In the UK, presenter-led nature radio shows, such as Desmond Hawkins' The Naturalist and James Fisher's Birds in Britain (1951–1963), encouraged the BBC to expand into similar personality-driven television shows. In 1954, the BBC started airing Zoo Quest (1954–1963), featuring David Attenborough embarking on expeditions to capture live wildlife and populate the London Zoo. The BBC's Natural History Unit (NHU) was founded in 1957 to streamline production on nature documentaries. Both Attenborough and the NHU have become the most renowned and respected forces in the genre, releasing numerous high-profile documentaries up to the present day.

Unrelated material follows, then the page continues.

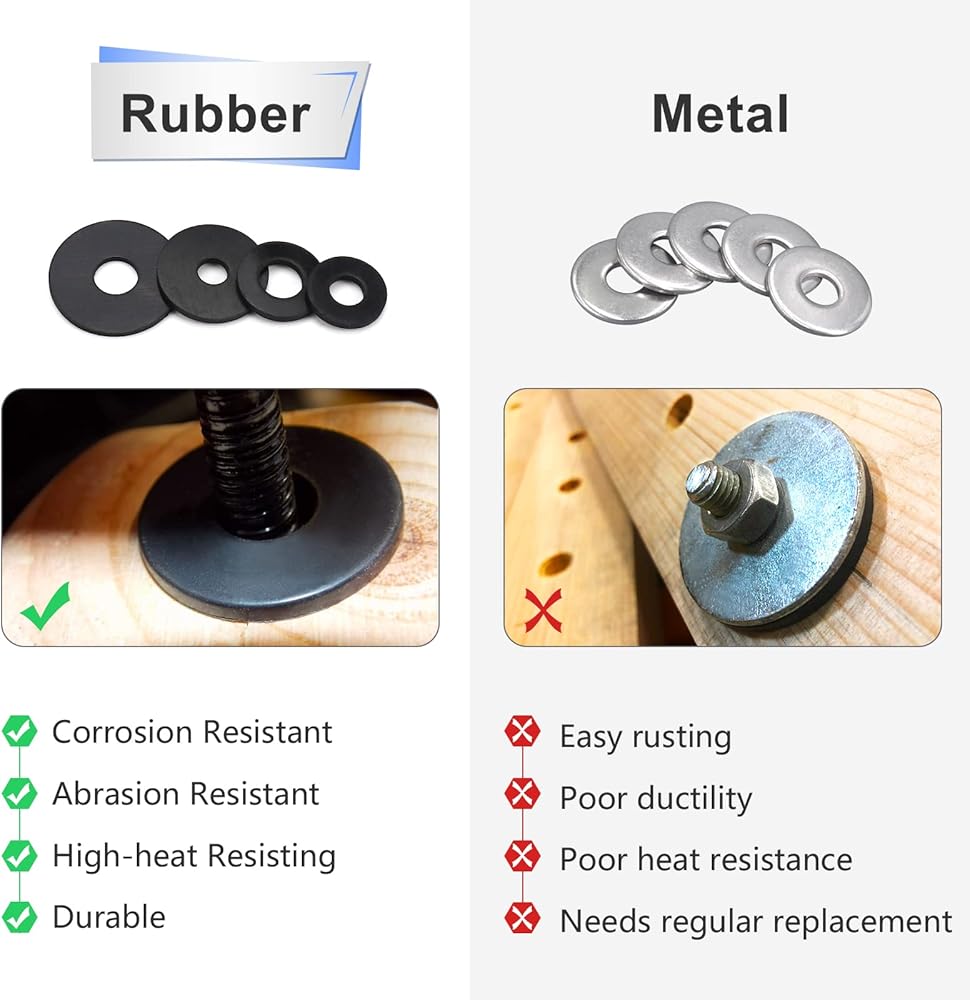 • مادة قوية وموثوقة: غسالات مطاطية سوداء للمسامير مصنوعة من مادة مطاطية عالية الجودة، وهي مرنة ومرنة، وموثوقة، وليس من السهل ارتخاؤها، ولن تترك خدوش، مما يضمن عمر خدمة طويل.

On NBC, Don Meier and Marlin Perkins cooperated on Zoo Parade (1950–1957), which had a similar format to Zoo Quest albeit for the benefit of the Chicago Zoo. Other early nature documentaries include CBC's Fur and Feathers (1955–1956), hosted by Ian McTaggart-Cowan, and Look, a studio-based BBC magazine-program with filmed inserts, hosted by Sir Peter Scott from 1955 to 1981.

=== 1960s ===
As color television grew in popularity, NBC's Meier-Perkins collaboration expanded into Wild Kingdom (1963–1988), which merged the sensibilities of Disney's colorful nature films with the constraints of television production. The National Geographic Society began to produce television specials for CBS in the mid-1960s, including influential nature documentaries such as Miss Goodall and the Wild Chimpanzees (1965) and The World of Jacques-Yves Cousteau (1966).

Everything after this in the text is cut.